Robert Oberfrank: Die Bezirksstellen sind das regionale Rückgrat der WKO Oberösterreich. Wir verstehen uns als erste Anlaufstelle für Unternehmen, unabhängig von Branche oder Betriebsgröße und setzen uns mit allen Kolleginnen und Kollegen in der WKO für unsere Unternehmen ein. Unsere Aufgaben reichen von Serviceberatung über Standortentwicklung bis hin zu regionaler Interessenvertretung. Wir haben jährlich mehr als 25.000 Anfragen, bei denen wir unseren Mitgliedsbetrieben weiterhelfen können.
Thomas Brindl: Die Bezirksstellen punkten durch ein perfektes persönliches Netzwerk in den Regionen, was letztlich unseren Mitgliedsbetrieben zugutekommt. Wir kennen die Herausforderungen vor Ort, wissen, wo der Schuh drückt und können rasche Hilfestellung leisten bei allen unternehmerischen Aufgaben.
Wie tragen die Bezirksstellen dazu bei, die Interessen der Unternehmen zu vertreten und ihre Wettbewerbsfähigkeit zu stärken?
Oberfrank: Wir haben das Ohr bei den Betrieben, sind im ständigen Austausch und bringen die aktuellen Themen in die politischen Entscheidungsprozesse ein. Beispielsweise gelingt es uns oftmals in Verkehrsverhandlungen, Straßensperren zum Wohl der Unternehmer zu verkürzen oder die Entwicklung von Betriebsbaugebieten mittels Inkoba-Verbänden zu beschleunigen. Gerade für kleine Betriebe sind Rechtsberatungen besonders wichtig, denn diese haben keine eigene Rechtsabteilung. Hier gilt es, durch unser Netzwerk Betriebe zu Behörden zu begleiten oder die richtigen Fachberater zu finden.

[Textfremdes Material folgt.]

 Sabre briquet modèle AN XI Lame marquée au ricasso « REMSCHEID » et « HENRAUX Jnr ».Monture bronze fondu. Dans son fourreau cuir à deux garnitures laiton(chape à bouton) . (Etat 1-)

Brindl: Zusätzlich bieten wir unzählige Angebote in den Bezirken, mit denen wir gezielt relevante Inhalte vermitteln, die unsere Mitglieder tagtäglich benötigen. Damit unsere Betriebe wettbewerbsfähig bleiben können, braucht es u. a. auch ein ständiges Weiterbilden bei Zukunftsthemen. In unseren regionalen WIFIs bilden sich rund 20.000 Teilnehmer weiter und stärken dadurch die Wettbewerbsfähigkeit der Unternehmen, in denen sie tätig sind.
Inwiefern fungieren die Bezirksstellen als Netzwerk- und Kommunikationsdrehscheibe für Unternehmen?

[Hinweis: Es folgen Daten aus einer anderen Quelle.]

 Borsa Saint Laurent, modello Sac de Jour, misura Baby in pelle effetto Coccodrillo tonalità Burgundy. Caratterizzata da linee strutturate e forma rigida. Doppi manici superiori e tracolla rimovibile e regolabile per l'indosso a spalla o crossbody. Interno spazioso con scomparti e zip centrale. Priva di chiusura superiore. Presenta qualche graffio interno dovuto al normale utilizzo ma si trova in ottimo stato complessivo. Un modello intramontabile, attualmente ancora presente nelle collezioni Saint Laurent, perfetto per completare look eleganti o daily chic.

Brindl: Der Netzwerk-Gedanke wird von den Bezirksstellen täglich gelebt. Ein gemeinsamer Austausch ist wichtig, um voneinander zu lernen sowie um Geschäftsbeziehungen aufzubauen und zu pflegen. Bei rund 500 Veranstaltungen im Jahr vernetzen wir die Unternehmer und liefern ihnen gleichzeitig auch wertvolle Inputs für ihre tägliche Arbeit. Auch durch die Geschäftskontaktmessen profitieren die Betriebe, indem sie zu ihnen passende Geschäftspartner finden.
Was bringen Initiativen wie die „OÖ Job Week“ oder das „Next Step“-Programm?

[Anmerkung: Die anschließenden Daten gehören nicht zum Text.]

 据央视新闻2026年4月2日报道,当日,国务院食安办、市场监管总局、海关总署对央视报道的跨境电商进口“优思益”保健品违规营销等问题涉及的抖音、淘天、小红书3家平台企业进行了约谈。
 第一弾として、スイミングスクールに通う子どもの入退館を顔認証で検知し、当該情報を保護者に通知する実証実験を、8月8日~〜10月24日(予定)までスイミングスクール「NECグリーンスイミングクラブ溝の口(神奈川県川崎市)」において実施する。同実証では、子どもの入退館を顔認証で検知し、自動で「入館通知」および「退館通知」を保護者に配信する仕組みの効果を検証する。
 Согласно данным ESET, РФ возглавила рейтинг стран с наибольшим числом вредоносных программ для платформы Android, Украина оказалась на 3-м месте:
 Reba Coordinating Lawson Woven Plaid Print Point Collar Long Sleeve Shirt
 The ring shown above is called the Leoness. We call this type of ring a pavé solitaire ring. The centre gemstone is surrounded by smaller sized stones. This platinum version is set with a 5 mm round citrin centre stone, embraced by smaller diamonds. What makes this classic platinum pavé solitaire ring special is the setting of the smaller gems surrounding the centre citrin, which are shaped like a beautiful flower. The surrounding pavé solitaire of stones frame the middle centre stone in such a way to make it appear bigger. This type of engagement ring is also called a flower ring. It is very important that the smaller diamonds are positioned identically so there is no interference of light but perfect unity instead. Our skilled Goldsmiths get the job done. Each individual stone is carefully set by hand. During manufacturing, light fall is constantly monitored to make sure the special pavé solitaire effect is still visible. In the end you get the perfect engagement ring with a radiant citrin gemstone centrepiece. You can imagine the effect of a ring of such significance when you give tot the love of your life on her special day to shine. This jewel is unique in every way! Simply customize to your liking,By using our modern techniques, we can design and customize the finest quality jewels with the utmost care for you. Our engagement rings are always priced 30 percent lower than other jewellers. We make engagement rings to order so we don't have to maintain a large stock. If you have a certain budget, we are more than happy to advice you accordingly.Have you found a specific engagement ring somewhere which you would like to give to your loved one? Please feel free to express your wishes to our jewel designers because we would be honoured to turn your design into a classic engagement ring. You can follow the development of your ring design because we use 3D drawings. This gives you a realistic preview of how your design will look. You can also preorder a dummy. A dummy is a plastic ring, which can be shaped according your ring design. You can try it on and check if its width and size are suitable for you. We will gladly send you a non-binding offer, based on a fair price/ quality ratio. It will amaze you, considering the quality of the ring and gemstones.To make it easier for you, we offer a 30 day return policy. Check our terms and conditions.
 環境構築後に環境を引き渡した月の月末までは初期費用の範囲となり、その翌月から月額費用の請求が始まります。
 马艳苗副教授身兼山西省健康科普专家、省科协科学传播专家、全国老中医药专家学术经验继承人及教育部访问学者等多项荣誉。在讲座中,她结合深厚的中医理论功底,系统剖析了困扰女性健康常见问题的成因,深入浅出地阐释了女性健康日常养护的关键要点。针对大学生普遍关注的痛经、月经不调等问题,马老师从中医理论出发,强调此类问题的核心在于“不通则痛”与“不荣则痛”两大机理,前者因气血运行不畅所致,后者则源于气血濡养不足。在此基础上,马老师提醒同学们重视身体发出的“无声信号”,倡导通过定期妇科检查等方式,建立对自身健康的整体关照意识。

Oberfrank: Mit diesen Leitprojekten der Bezirksstellen bieten wir Plattformen, die es in dieser Form nicht gäbe und wollen dabei einerseits eine professionelle, über das ganze Bundesland hinausgehende Bühne bieten, mit der wir unsere Arbeitgeberbetriebe sichtbar machen. Jährlich nehmen rund 300 Betriebe an der „OÖ Job Week“ teil, die von rund 8.000 Teilnehmern besucht wird. „Next Step“ wiederum richtet sich als exklusives Angebot an Jungunternehmer, die sich erfolgreich am Markt etabliert haben und nun den nächsten Schritt in Richtung Weiterentwicklung mit uns gemeinsam gehen möchten. Für dieses sechsmonatige, von der WKOÖ geförderte Programm mit fünf Workshoptagen und einem persönlichen Einzeltraining gibt es jährlich Angebote in vier verschiedenen Bezirken. Nicht zu unterschätzen ist der Mehrwert für die Unternehmer durch die Vernetzung der Teilnehmer.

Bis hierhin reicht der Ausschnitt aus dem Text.